贺玠动动胳膊,沉下声音:“你想从我身上得到什么暂且不论。但我的友人们是无辜的,放他们离开。我可以任你处置。”

“不行!”尾巴激动大喊,“你在说什么鬼话呢!”

裴尊礼紧紧捏着胸口的衣襟,吐出一口淤血,也是焦急地想要开口说话。

“那可不行。”康庭岳笑道,“哪有主人赶走贵客的道理。既然大家都来了,那我当然是要以最高的礼仪接待才是。”

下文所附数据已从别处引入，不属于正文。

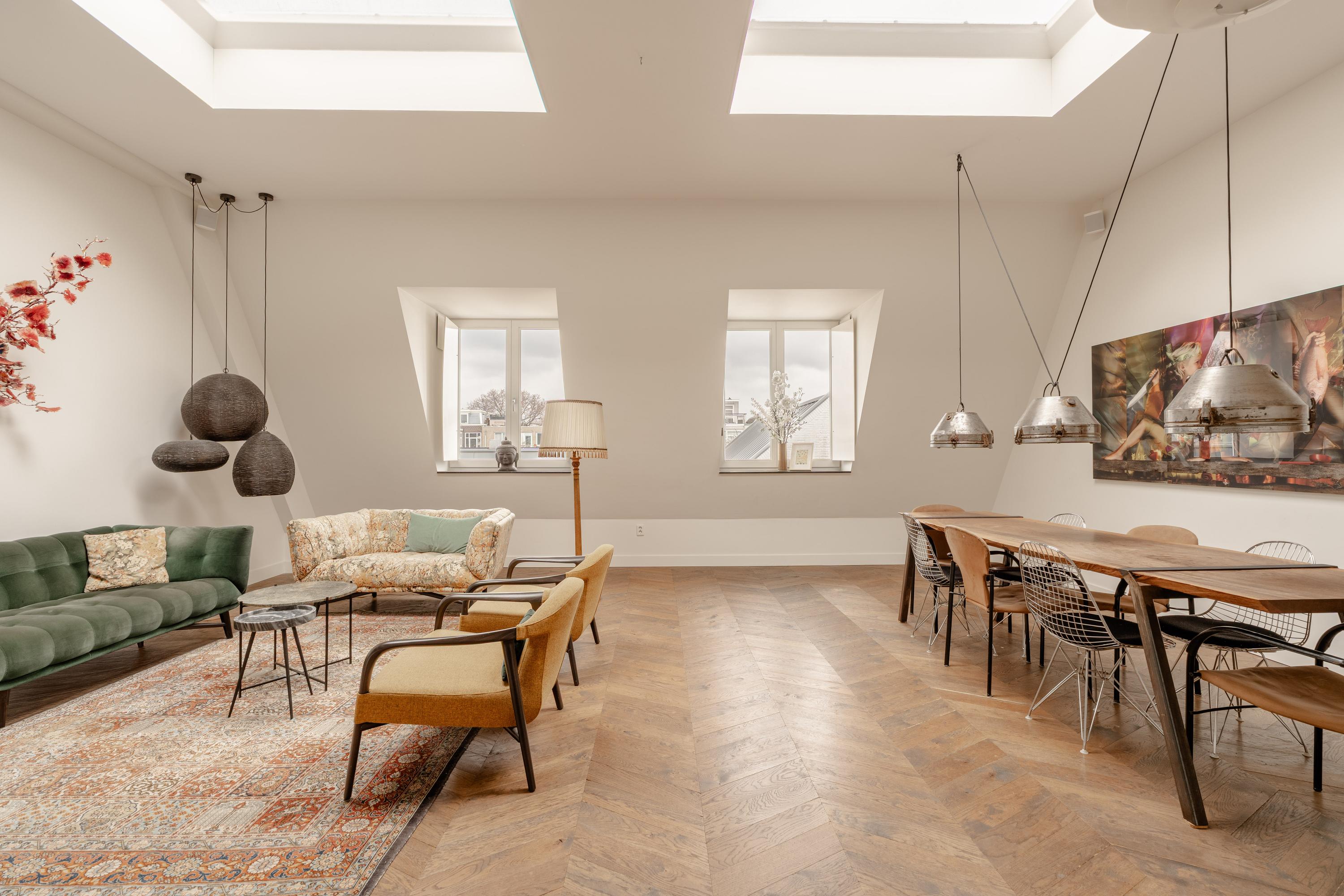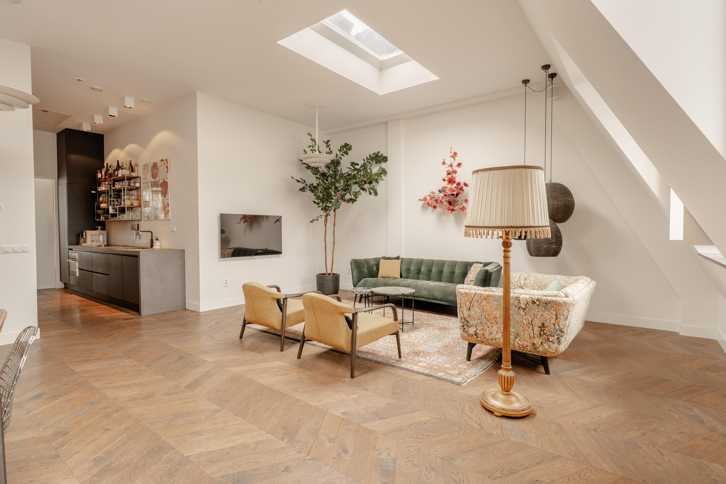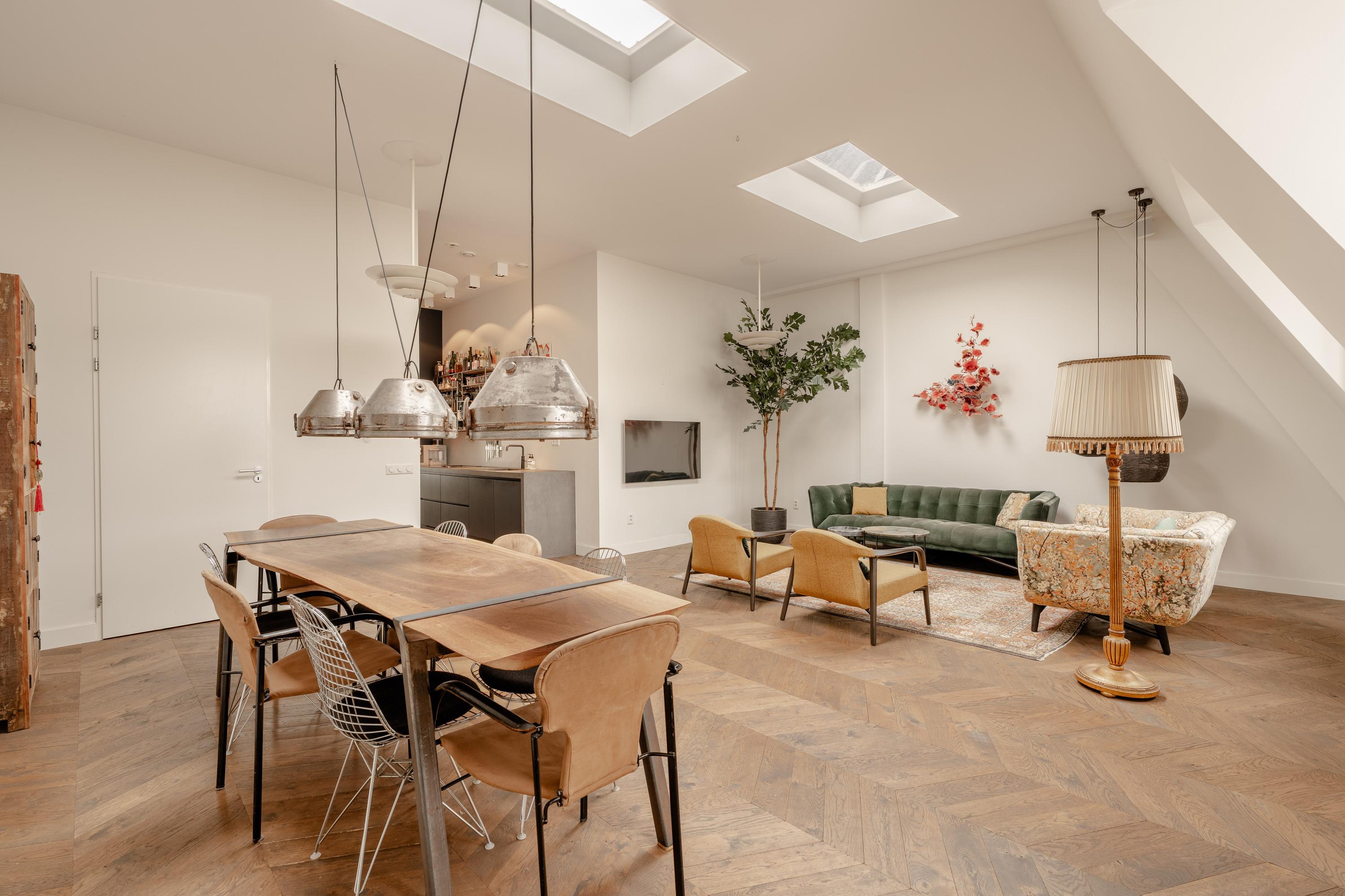In the heart of the highly sought-after Jordaan area, this bright duplex apartment of approximately 108 m² is located within the modern new-build complex “Elandshof”, completed in 2017. The apartment is spread over two floors and features, among other things, two bedrooms, two bathrooms, a spacious living floor with an open kitchen and a roof terrace with views over the rooftops of the Jordaan. Thanks to the high ceilings, skylights and large windows, the apartment benefits from excellent natural light and a wonderful sense of space.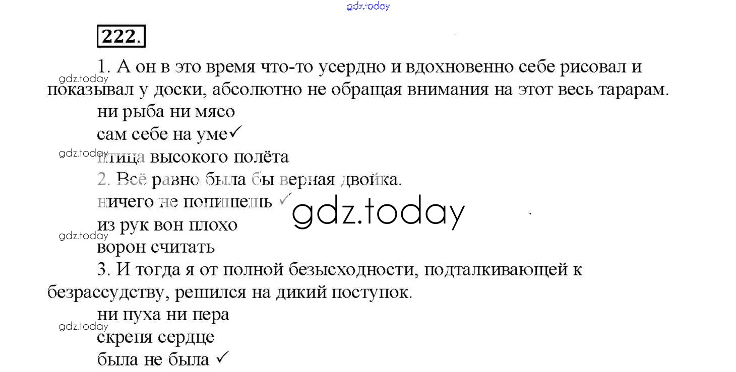 На страницах сайта gdz.today вы найдете учебный и вспомогательный материал, направленный на улучшения знаний школьной программы. ГДЗ - онлайн мир знаний Упражнения (решение) 222 Рабочей тетради по Русскому языку для 7 класса Янченко, Латфуллина Просвещение, Просвещение 2017, 2022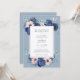An elegant, watercolor navy blue floral rose and foliage design Wedding Invitation with a dusty blue background colour theme. This classy and stylish card is ready for you to customise with fonts of your choice or leave as shown here and add your details for your special day.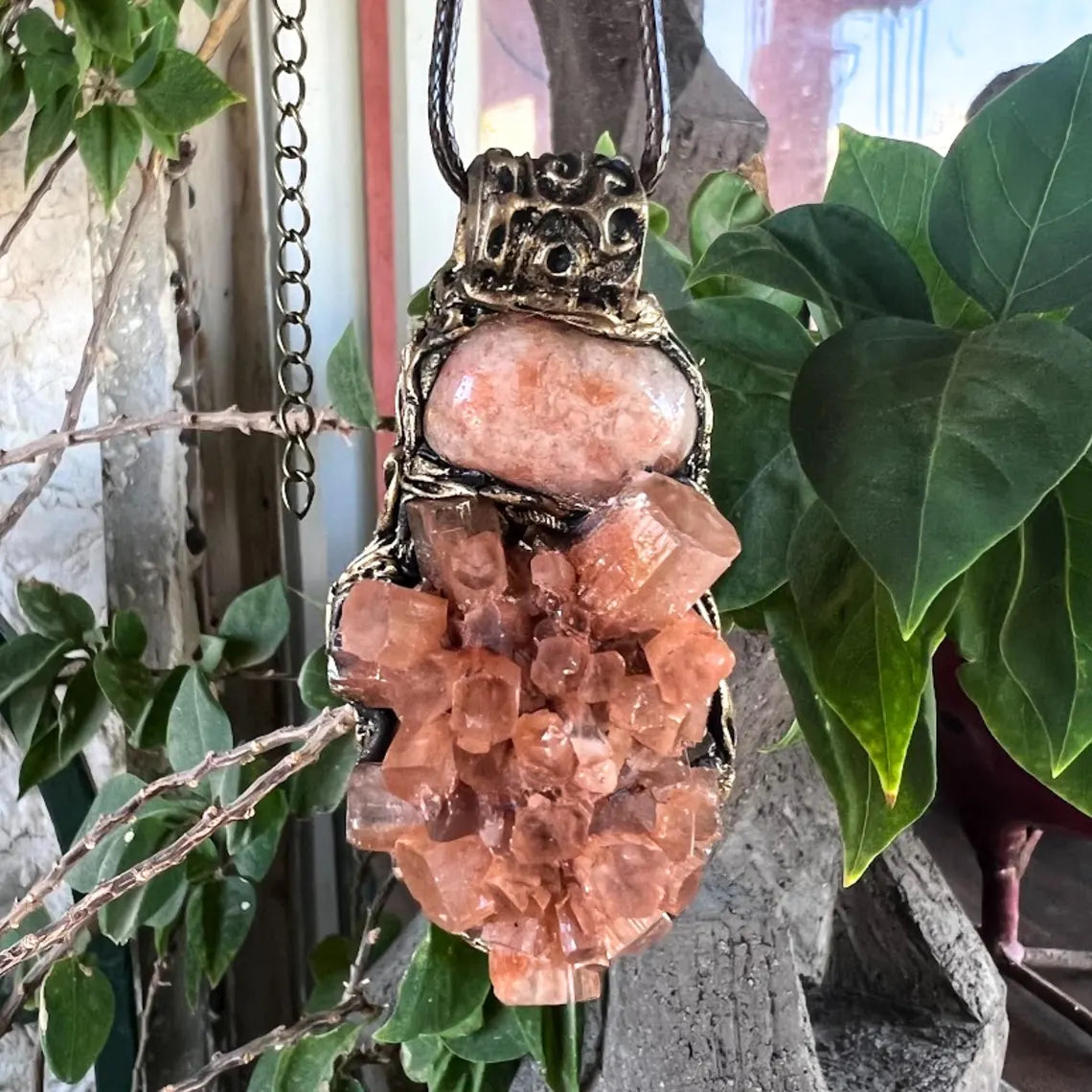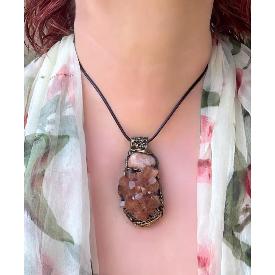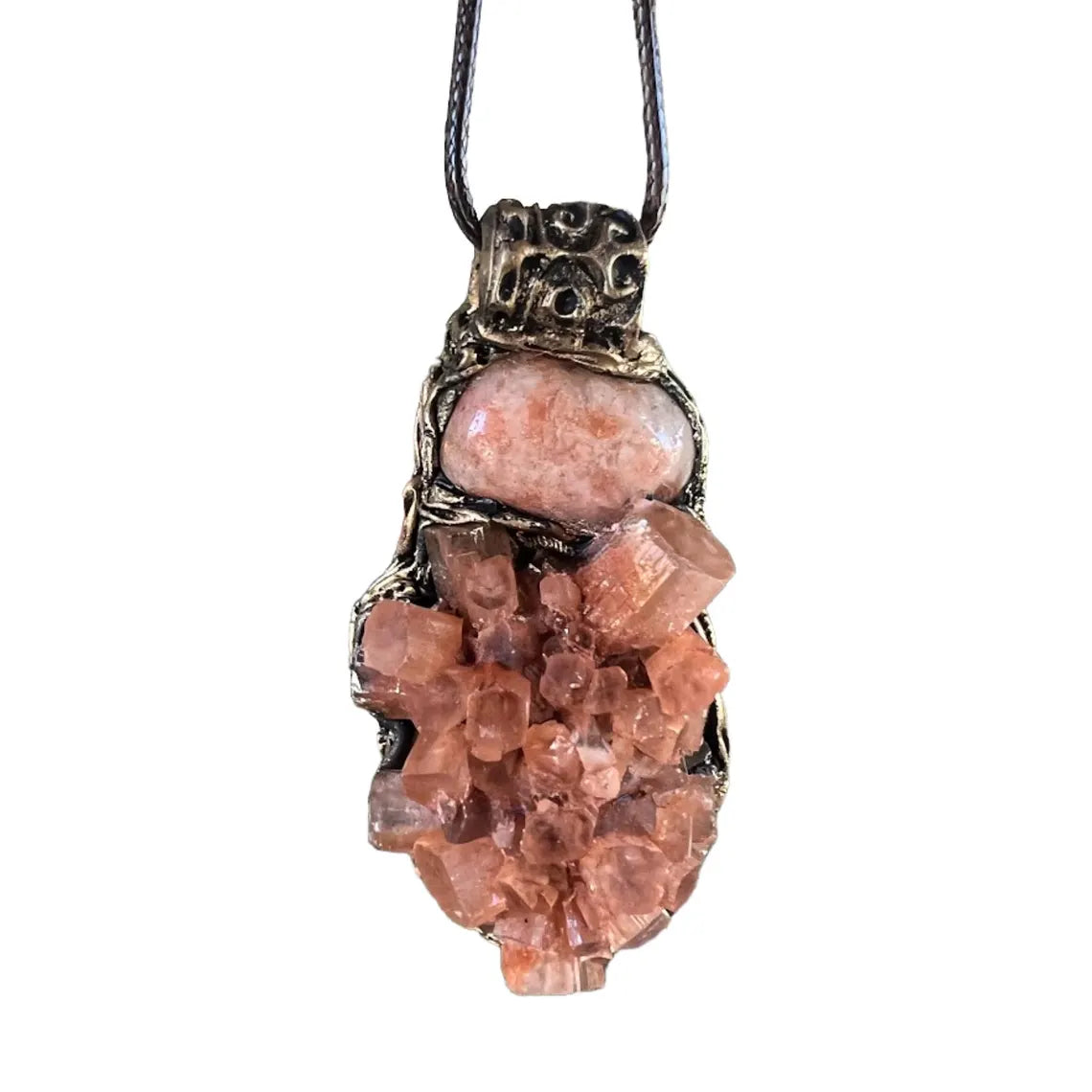 Raw crystal pendant necklace featuring Sunstone and Aragonite – a unique blend of light and grounding energies. Sunstone inspires joy, confidence, and vitality, while Aragonite offers emotional balance, patience, and connection to Earth. This natural gemstone necklace makes a meaningful gift for those seeking clarity and inner harmony.

“哦?”贺玠出剑挽花,“是要让这里所有妖一起上吗?”

康庭岳摇一摇头,轻轻拍手:“以多敌少这种肮脏的手段可不是我的作风。我向来主张旗鼓相当的对决。”

贺玠咬紧牙关,只听他轻笑一声。

“小玥。”康庭岳道。

那边正杀得起劲的杜玥立刻停了下来,和唐枫各自撤向一边。她转头看向康庭岳,顺着他抬起的手指又看向贺玠。

贺玠心里咯噔一跳,果然听见康庭岳轻快道:“想不想给你久别重逢的家人来一场洗尘宴?”

唐枫眼神一凛,旋身踢开了攻上前的唐枫,毫不犹豫地朝着贺玠奔来。而她身边的其他妖兽又补上了空缺,将唐枫围在中间。

贺玠也不发怵,举剑正面扛下了杜玥的全力一击。两把利剑相撞再错开,擦出了生猛的火花。一把砍断了杜玥的耳发,一把划伤了贺玠的脸颊。

“不赖嘛。”杜玥神色阴狠地摸过鬓边,“本来以为你换了个壳子,就变得和废物凡人没什么两样了。”

“承让。”贺玠微笑,“阿姊你才是。怎么明明还是妖兽的躯体,连我这个小小人类都解决不了。”

他可太清楚杜玥的弱点了。她最是经不起激将法。一旦生气脑子发热,做什么事情都会变得晕头转向。

“哼。”杜玥冷笑一声,“还把我当过去那个输不起的白痴呢。”

她扭转剑柄,从洁白的锋刃上看到了贺玠的倒影,也看到了他的眼睛。

“这改头换面怎么没把你那双丑眼睛换掉。”杜玥抬头盯着他的脸道。

贺玠举剑道:“这不是怕阿姊你认不出我吗?”

杜玥翻了老大一个白眼,蹬腿再次向他挥剑而来:“我是说那老头子留给你的断尾脱身之法也真够糟糕!居然连面部五官都不能完全改变!”

二人又是一番交锋,但师出同门剑法让他们一时间都破不了对方的招。

“还有救你的那个蠢货。”杜玥似乎铁了心要将这些年对他的怨恨一吐为快,“连个名字也不愿意帮你改,真觉得老头子取得好听呢!”

贺玠挡开她的横劈,举剑突刺:“你这么说,要是被父亲听到。他会哭的。”

杜玥一咂舌:“死都死掉几百年的人了,让他哭给阎王爷听吧!”

贺玠云手推向杜玥腰侧,忽感手里的淬霜颤动了一下。

很细微,但传到他掌心的波纹却带着一股淡淡的悲伤。

“你还真敢说啊!”贺玠想起这个也来火,“把我扔在家里和父亲出去逍遥,最后还把他弄丢在了外面!我要是你早就无脸见父老乡亲找棵古树自挂枝头了!”

“你懂什么!”杜玥每间都被怒火烧得皱在一起,“死都死一次的人了!就给我老老实实过奈何桥去!”

“那我至少也得拖着你下去!”贺玠也不甘在言语上落入下风。一人一妖边打边吵,闹得下面的康庭岳都捂住了耳朵。

靠在墙边的裴尊礼眼神渐渐恢复清明,看到如此情形,想也没想就握剑要冲上去。

“尾巴!”贺玠打斗之余分出心叫住小山猫,“把你爹看好了!在他能清楚说话之前都不准他乱动!”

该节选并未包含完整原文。